The Information Commissioner's Office is responding to the lack data privacy awareness, encouraging organisations to be proactive in safeguarding the security of their data with new assessment tools and guidelines.

By Miya Knights, 11 Dec 2007 at 17:03

The Office of the Information Commissioner (ICO) has today launched a major new initiative designed to address a last of awareness of the importance of data privacy and encourage organisations to be proactive in dealing with its threats.

A new privacy impact assessment (PIA) framework and guidebook have been launched at an ICO 'Surveillance Society' event held in Manchester today, designed to equip executives and managers with a way of discerning where potential privacy risks and vulnerabilities lie, as well as potential holes in compliance.

PIAs have come out of qualitative research involving focus groups from around the UK that showed a lack awareness of Data Protection Act (DPA) and related regulatory issues.

Sixty per cent of the 12 discussion groups questioned said they felt they had lost control over the way their personal details are collected and processed, but very few knew what the ICO existed to do, much as less what the DPA was.

Oliver Murphy, managing director of Diagnostics Social & Market Research, presented the research findings and said: "Overall we found people were relatively complacent about the privacy of their data, but incidents like the loss of the HMRC's [Her Majesty's Revenue and Customs] child benefit data disks has certainly helped raised the profile", although he also stressed the research was carried out before disks were lost.
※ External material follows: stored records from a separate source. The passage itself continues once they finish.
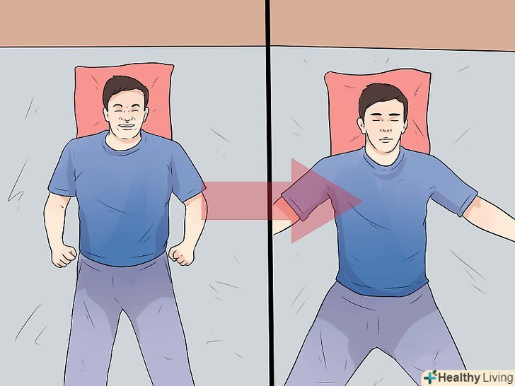 Практикуйте метод прогресивної м'язової релаксації.цей простий метод релаксації допомагає зняти напругу і заспокоїтися. Прогресивна м'язова релаксація полягає в напрузі і розслабленні всіх груп м'язів обличчя і тіла в певній послідовності, починаючи з пальців ніг, далі м'язи стегон, сідниць, живота, плечей, шиї та обличчя. Тримайте напругу щонайменше 30 секунд. Потім розслабте напружений м'яз.[14]
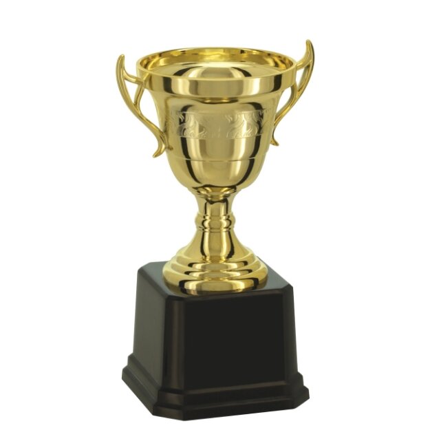 Troféu em polímero metalizado a alto vácuomedidas:altura – 15 cm. Largura superior – 9 cm. Largura inferior – 7,30cm. Altura da base- 5 cm. Peso aproximado – 200 grcores – dourado, pretocores alternativas: cone, taça com alças nas cores douradoou prata.composição:componentes fabricados em polímero: base oitavada, cone,taça com alças e pintura interna.outros componentes: ferragens para fixação
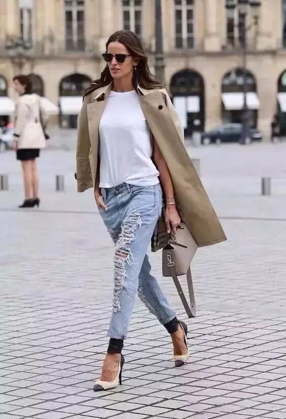风衣+T恤:今年比较流行的长款风衣,挺阔有型或是垂感较好的风衣都很赞,出街能让你自带气场,内搭T恤也毫不逊色
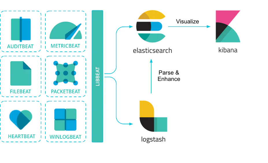 Cada aplicación que emite trazas necesita tener un recolector de trazas asociado que permite enviarlas a Elasticsearch para su indexación y almacenamiento. Logstash es una herramienta pesada como para incluirla en cada máquina donde se instancian los servicios, por ello la propia empresa Elasticsearch ha desarrollado herramientas más ligeras, Beats, compuestas de varias herramientas como por ejemplo para archivos de log, métricas, de red o de actividad entre algunos otros.
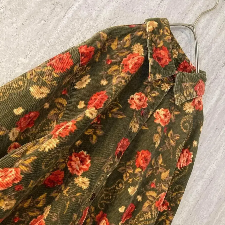 장미 꽃무늬가 아주 귀여운 코듀로이 블라우스입니다.
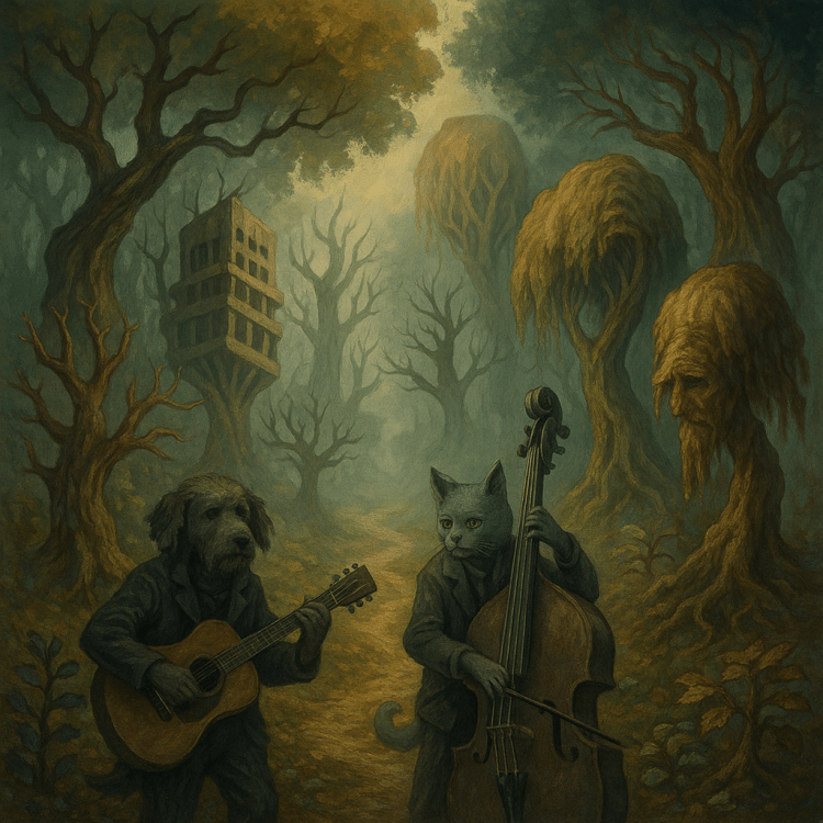 「不,你看。」敗犬指著眼前逐漸延伸的道路。無數怪異的樹木構成了綿延不絕的樹海,彼此錯雜卻又在一種更高階的秩序裡協調,像是某種宏觀的算法,替迷途者指引方向。
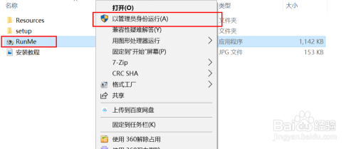 打开安装包解压后的【Adobe Media Encoder CC2019】文件夹,选中该文件夹下的【RunMe】,右击选择【以办理员身份运行】。

As a result, PIAs are being voluntarily introduced to encourage organisations to help consider and safeguard against the impact on individuals' privacy before developing new IT systems or IT-based products and services.

Launching new guidelines (which are accessible via the ICO website) on PIAs at a conference on the 'surveillance society' in Manchester today, the watchdog will say that the breach at HM Revenue and Customs was a watershed and will call for organisations to implement new safeguards to help protect individuals' privacy.

Jonathan Bamford, assistant ICO commissioner told IT PRO that the concept of PIAs had been introduced voluntarily or through regulation in other countries and had been successful in raising data privacy concerns on an enterprise and individual, consumer level.

"The keyword here is systematic," he said. "The handbook contains breaks the PIA process down and allows companies to refer to only the parts that affect them, as well as regulation in addition to the DPA that they might need to consider."

The ICO will look for feedback from early adopters of the PIA scheme, which it said could help prove compliance efforts, while it will also look to launch a user group in the coming months if the level of PIA take-up is sufficient.